É claro que um ou outro receptor de dinheiro desviou uma parte para si mesmo, colocando-a num paraíso fiscal ou comprando imóveis. As  mulheres dos cariocas Cabral e Cunha fizeram farras em lojas de Paris. Mas não há dúvida de que o grosso desse dinheiro sujo foi usado para pagar serviços a assessores, consultores, portadores de bandeiras em esquinas democráticas, redatores, cinegrafistas, fotógrafos, motoristas, secretárias, scort girls, cabos eleitorais e até eleitores sequiosos de presentinhos eleitorais.
 
Esse é um jogo conhecido por qualquer brasileiro. Todo mundo tem um conhecido que ganhou algum numa campanha política. Os marqueteiros-chefes manipulam milhares, milhões de reais, ficando em condições de comprar sítios, carros e depositar dinheiro no exterior. Um bom redator de campanha ganha em quatro meses mais do que um editor de revista num ano de serviço. Um fotógrafo diligente fica em condições de comprar um carro novo à vista no final da temporada eleitoral. A verdade é que ele trabalha intensamente naquele período de correria eleitoral.
 
Mas numa campanha política a verdade é multifacetada. Uma modalidade de patrocínio em Ribeirão Preto era o franqueamento do bar da Cervejaria Antarctica aos amigos do candidato apoiado pelo presidente Bob Gusman.
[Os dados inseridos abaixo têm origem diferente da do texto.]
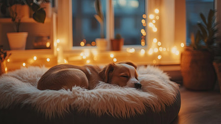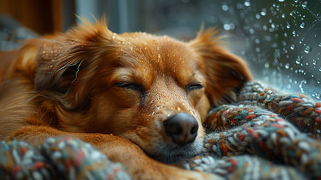 Generative AI, cute dog sleeping on cozy warm blanket near the window, hygge style
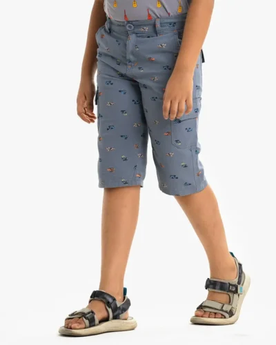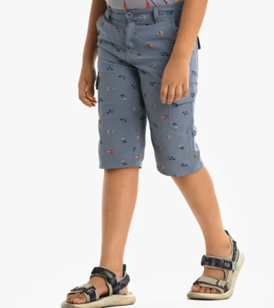 Blue Cotton Three Quarter Kids Pants For 2-11 Years Old Kids
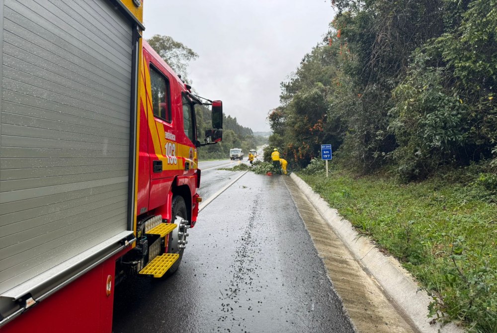 O Corpo de Bombeiros Militar de Mafra foi acionado por volta das 11h04min para atendimento de ocorrência de queda de árvore sobre a rodovia, nas proximidades do trevo da localidade de Saltinho do Canivete, no km 194, na BR-280.
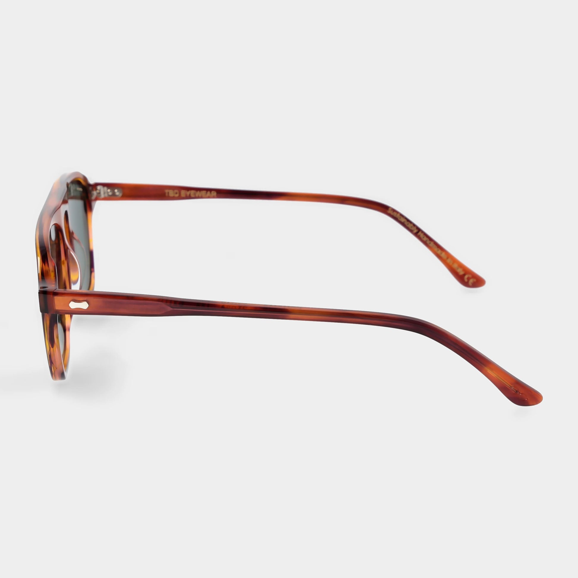 Die Panama-Sonnenbrille zeichnet sich durch einen Pilotenrahmen in Havanna-Tönen aus, kombiniert mit grünen Tropfengläsern, für eine Unisex-Ästhetik mit Vintage-Referenzen. Bioacetatrahmen und biobasierte Gläser für ein absolut nachhaltiges Accessoire.
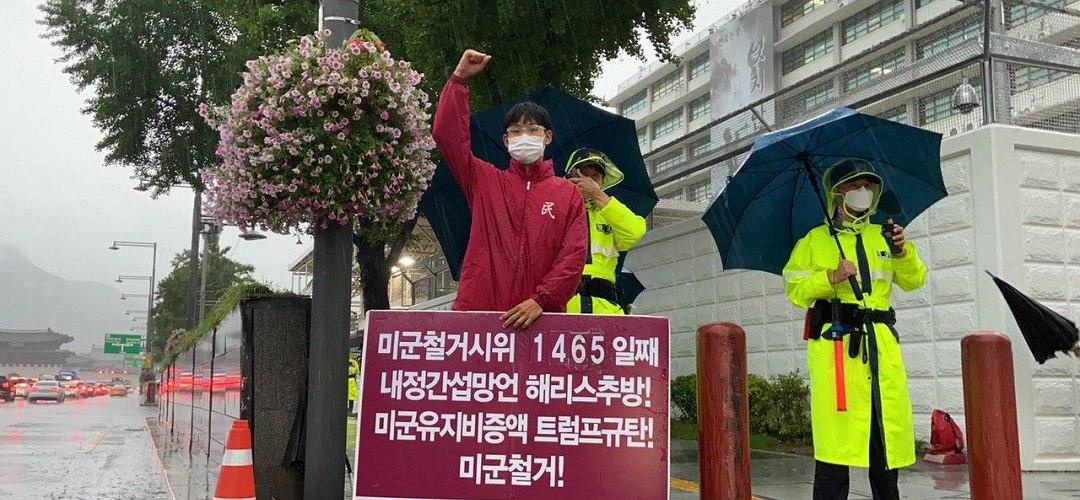 민중민주당(환수복지당)은 23일 미대사관앞에서 <내정간섭망언 해리스추방! 미군유지비증액! 트럼프규탄! 미군철거!>촉구 평화시위를 1465일째 진행했다.
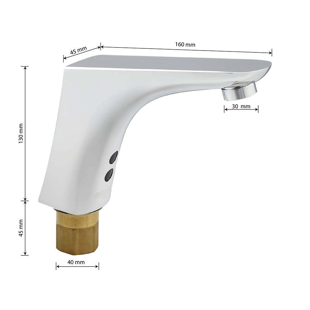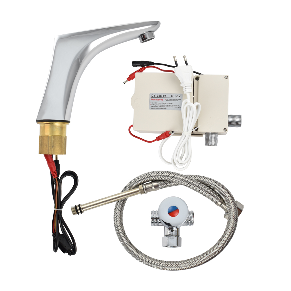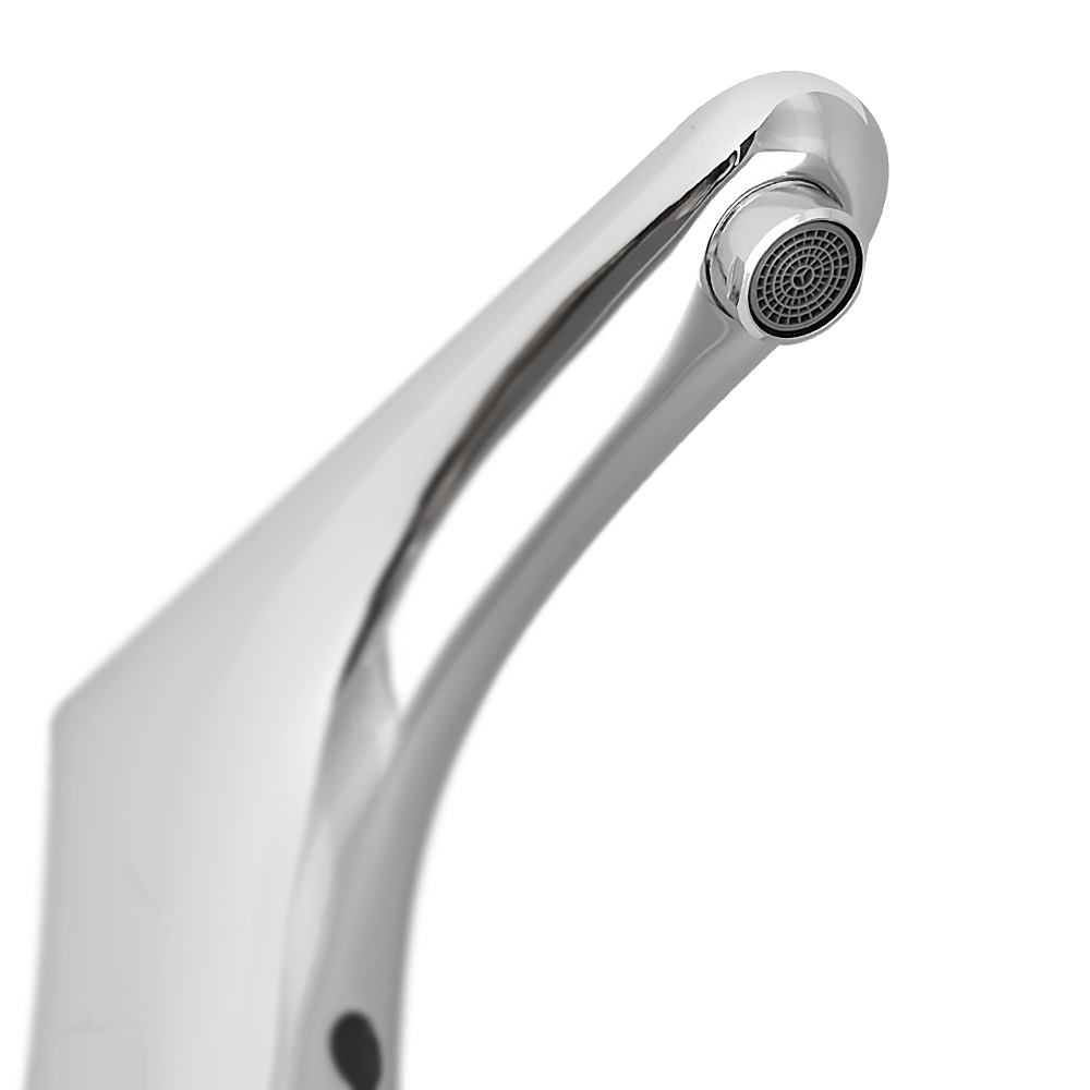 Сенсорный смеситель на раковину предназначен для монтажа в жилых домах и общественных помещениях. Изделие выполнено в стиле хай-тек из высококачественного материала с хромовым покрытием, обеспечивающим устойчивость к механическим воздействиям. Кран смешивания горячей и холодной воды с возможностью регулировки размещается под столешницей. Кран включится, если поднести руки к изливу. Бесконтактный принцип работы гарантирует гигиеничность устройства. Устройство снабжено аэратором, позволяющей очистку без использования дополнительных средств. Он насыщает воду воздухом для создания струи, комфортной для гигиенических процедур, и сокращения расхода ценного ресурса. Сенсорный смеситель включает поток воды за счет фотоэлемента. Универсальное питание DC 6V (4 батареи типа "АА", в комплектацию не входят), AC/DC 6V AC 220V (50/60Hz). Габаритные размеры: диаметр посадочного седла 45 мм, высота 130 мм, длина излива 160 мм. Вес - 2,300 кг, объём - 0,0075 м3. В комплекте паспорт, корпус, нижняя часть с программным управлен
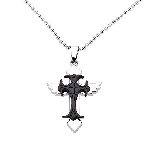 -. Title : Zytree UK(TM) New Silver Saint Jesus Christ Plated catholic Cross Angel Wing pendant Rosary Necklace For Women Men
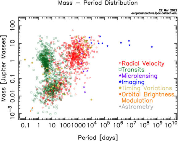 used to determine the properties of the first 5000+ (technically, 5005) exoplanets ever discovered. Although there are planets of all sizes and periods, we are presently biased toward larger, heavier planets that orbit smaller stars at shorter orbital distances. The outer planets in most stellar systems remain largely undiscovered, but those that have been discovered, largely through direct imaging, are difficult to explain
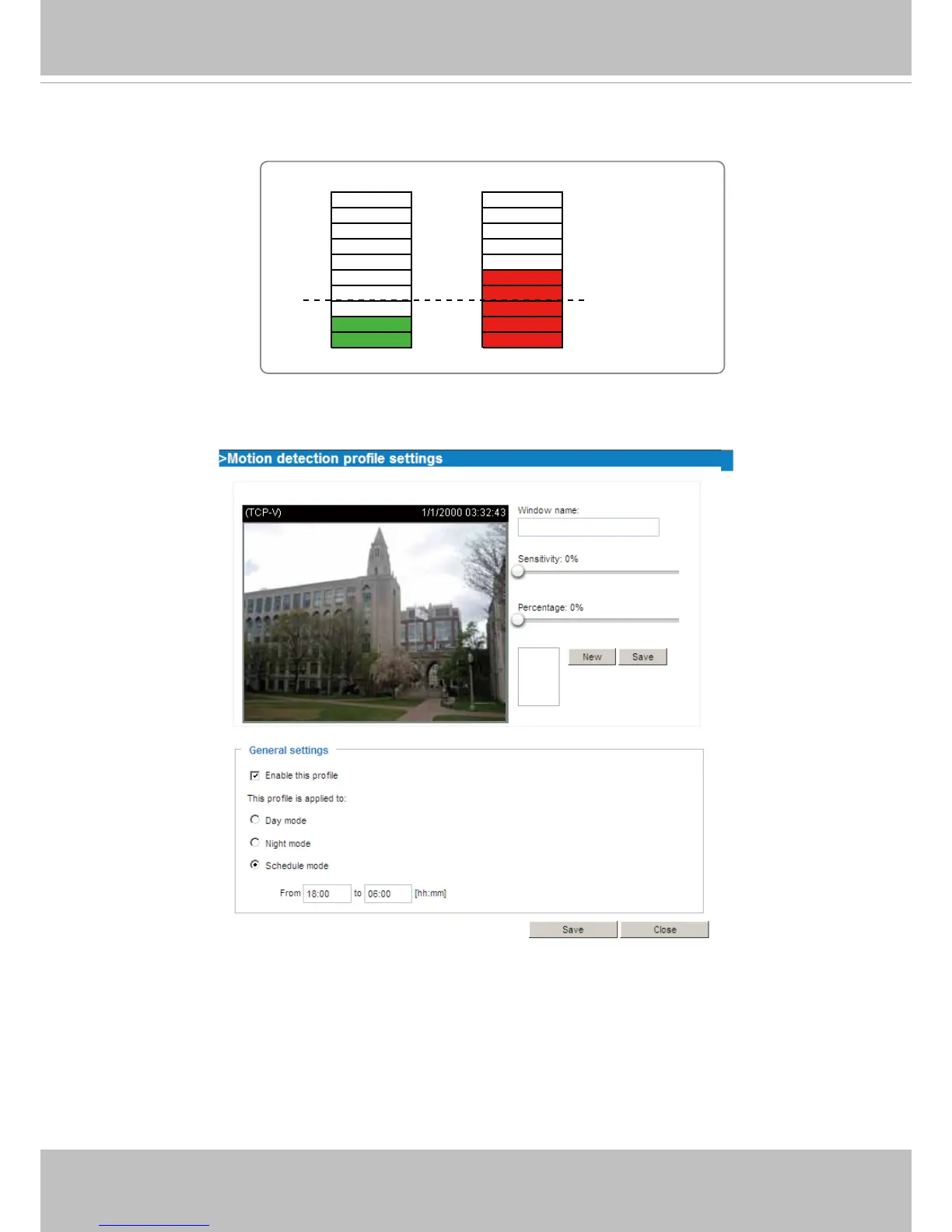 click Prole to open the Motion Detection Prole Settings page as shown below. A total of three motion
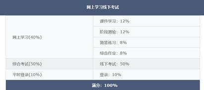 (2)线上学习、线下考试方式的课程成绩构成为:
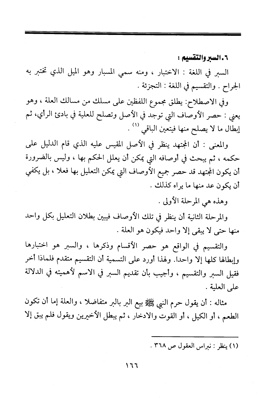 مثاله: أن يقول حرم النبي صلى الله عليه وسلم بيع البر بالبر متفاضلا، والعلة إما أن تكون الطعم، أو الكيل، أو القوت والادخار، ثم يبطل الأخيرين ويقول فلم يبق إلا
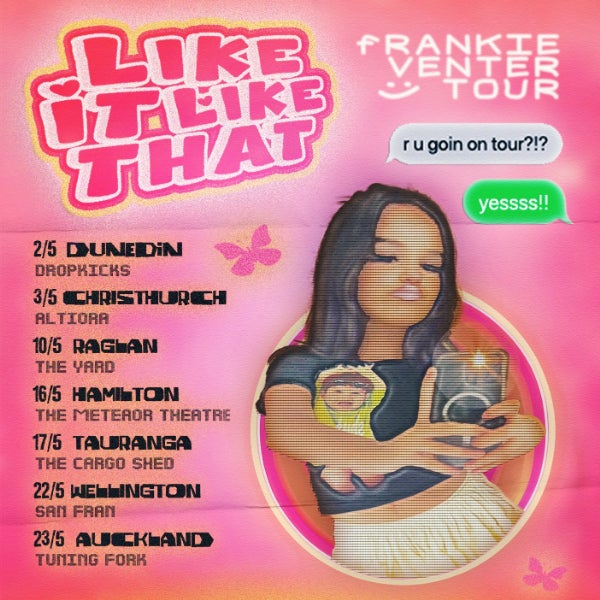 Since leaving school to pursue music full-time, Frankie has topped the Hot NZ Singles Chart, toured nationwide, supported international acts like Griff and Keenan Te, and performed alongside Coldplay at Eden Park. Her hit single How You Like Me Now hit #1 on the Official NZ Music Chart's Hot 20 Singles, cementing her as a rising star.
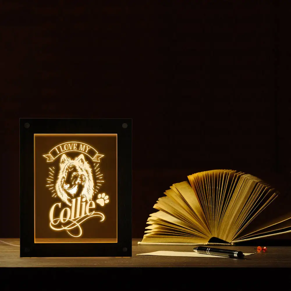 Деревянная светодиодная подсветильник ка для детской комнаты I Love my Collie, шотландская овчарка
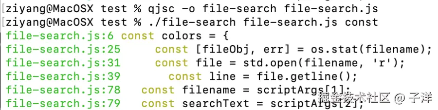 下面是一个使用 QuickJS 编写的文件搜索工具,功能类似 grep,用于查找文件中包含特定文本的行。
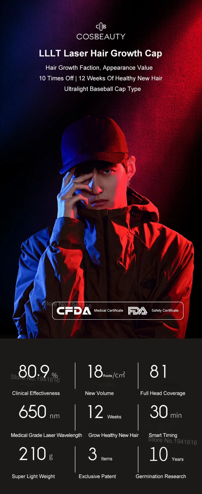 Электрический лазерный генератор волос Youpin COSBEAUTY, головной убор, шлем для роста волос LLLT, лазерная шапка для роста волос Параметры продукта Название продукта: Электрический лазерный генератор для волос COSBEAUTY Размер изделия: 203,3*178,7*87,6 мм Мощность лазера: 5 mW/piece Длина волны лазера: 650 нм ± 10 нм Состояние источника питания: мобильный источник питания (5,0 V = 2A) Подходит для окружности головы: 58-61 см Область применения: себорейная алопеция, алопеция ареата, послеродовые продукты для выпадения волос Происхождение: Китай Вес изделия: 210 г (хост) Количество лазерных ламп: 81 Режим работы: быстрая загрузка и непрерывная работа Разъем питания: USB2.0 Частота обработки: 30 минут/каждый день
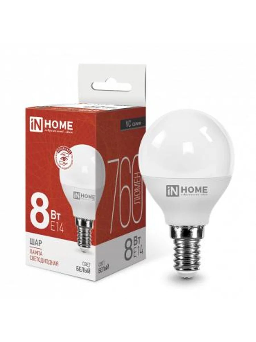 Лампа светодиодная LED-ШАР-VC 8Вт шар 4000К нейтр. бел. E14 760лм 230В IN HOME 4690612020556 - купить в KeepBuilding | KeepBuilding
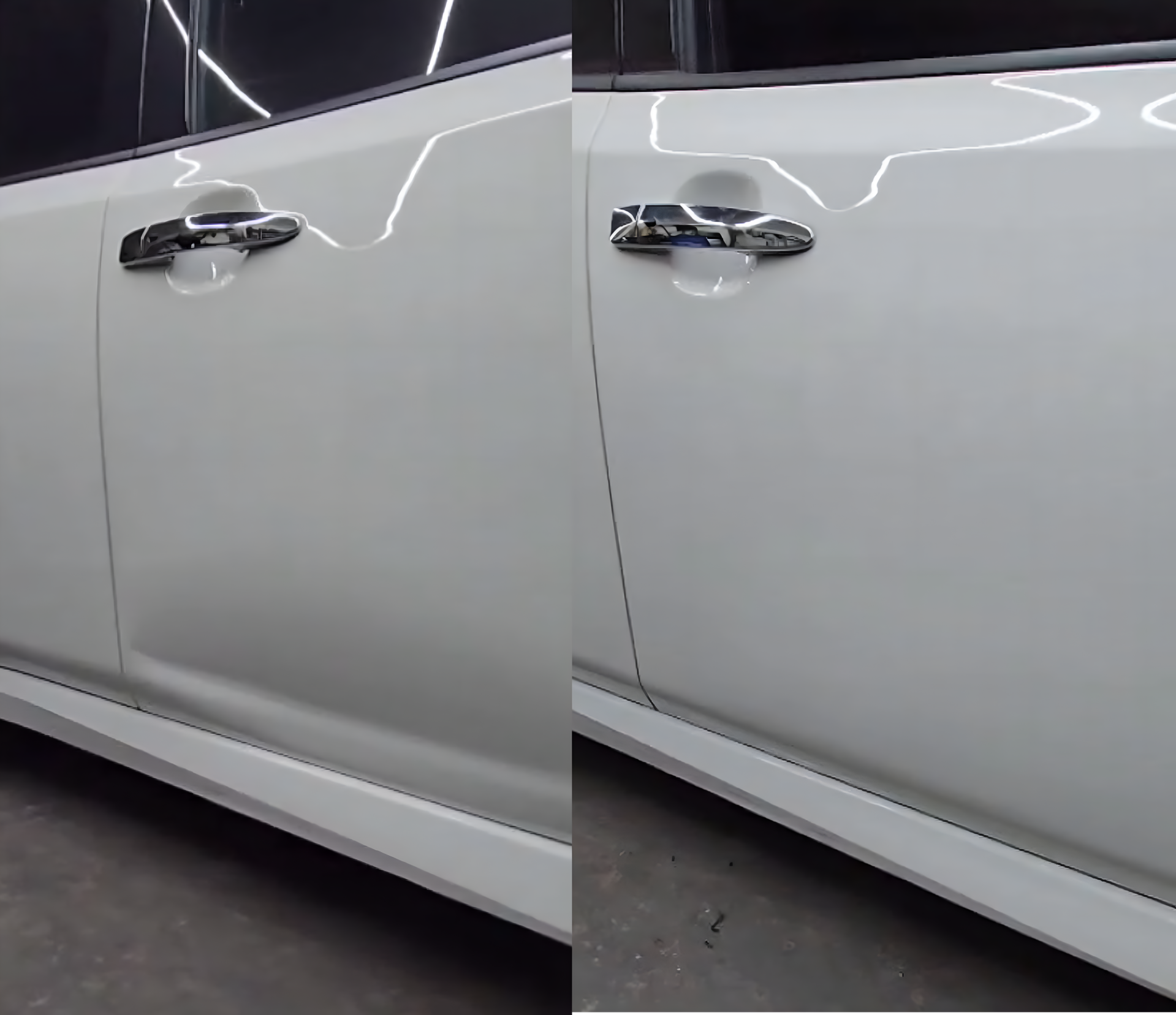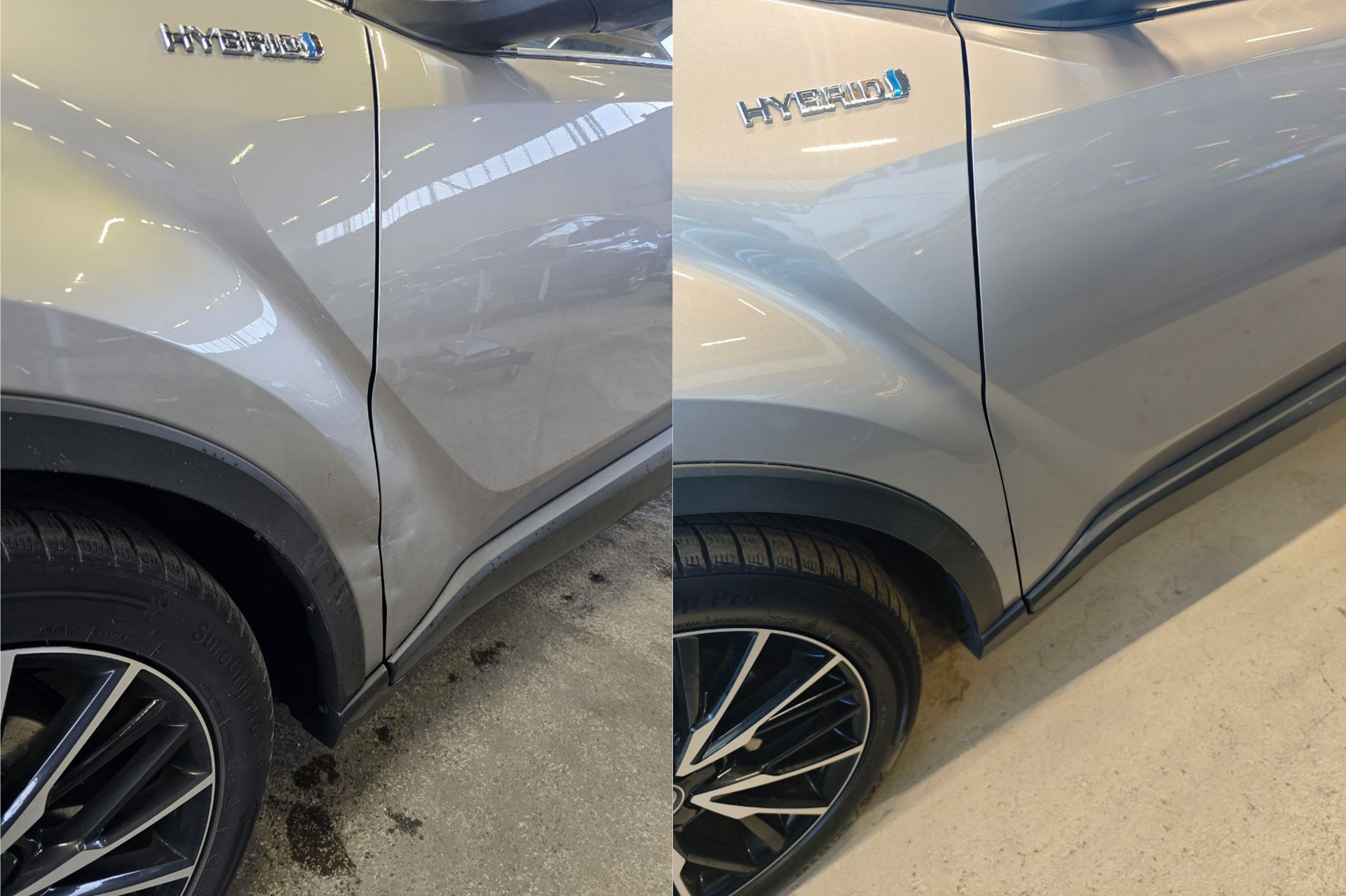 Vi använder speciella stänger och verktyg för att försiktigt trycka ut bucklan inifrån.Ingen slipning, spackling eller målning krävs.Resultatet blir osynligt – som om bucklan aldrig funnits.
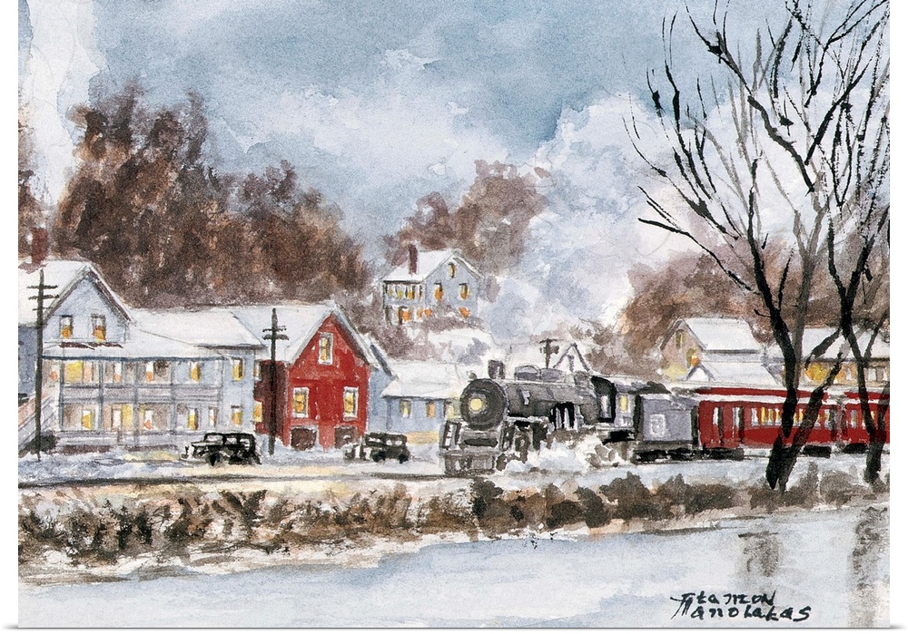 Art Cityscapes Contemporary Art Winter Landscapes Snowscapes Villages Stanton Manolakas Painting Transportation Train Watercolor
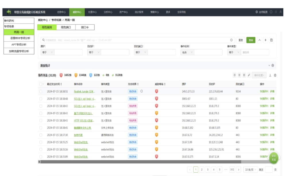 被动流量分析系统,高精度交叉验证两高一弱风险问题:绿盟全流量威胁分析响应系统基于被动流量数据分析,基于网络访问行为信息识别高危端口服务、高危漏洞、存活弱口令信息,有效提高两高一弱风险发现精确度。
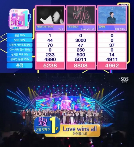 4일 오후 방송된 SBS 음악 프로그램 '인기가요'에서는 아이유가 1위를 차지했다. 이날 2월 1주차 1위 후보로 태연 'To. X', 아이유 'Love wins all', 임재현 '비의 랩소디'가 올랐다.
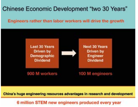 圖2中國經(jīng)濟(jì)發(fā)展的兩個(gè)30年周期。第一個(gè)時(shí)期(1981 - 2011年)是由9億低成本勞動(dòng)力的人口紅利驅(qū)動(dòng)的。下一個(gè)時(shí)期(2011 - 2041)是由1億技術(shù)人員和工程師的工程師紅利驅(qū)動(dòng)的,中國繼續(xù)每年產(chǎn)生600萬工程師。

Mas era na empresa, não no comitê de campanha. Jogada simpática nas altas esferas do poder.
 
Enquanto isso, nas baixas esferas, a senhora que faz o café e cuida da faxina num comitê de campanha recebe promessas milionárias e depois fica penando meses para receber o que lhe devem.
 
Dinheiro de campanha escoa pelo ralo. Acumulam-se dívidas. As maiores envolvem cifras milionárias e interesses majoritários. Nesse aspecto e nesse sentido, o relatório do ministro Herman Benjamin ao egrégio e colendo e superior tribunal eleitoral é uma peça histórica, um breviário da roubalheira em nome da democracia em anos eleitorais.
 
Nos outros anos e em outros campos da pugna empresarial e política, nada consta nos autos.  
 
LEMBRETE DE OCASIÃO
 
“O governo mudou, mas eu não mudo. Fico com o governo”
 
Manuel Inacio, coronel do sertão pernambucano (in Faoro, Raymundo, “Os Donos do Poder”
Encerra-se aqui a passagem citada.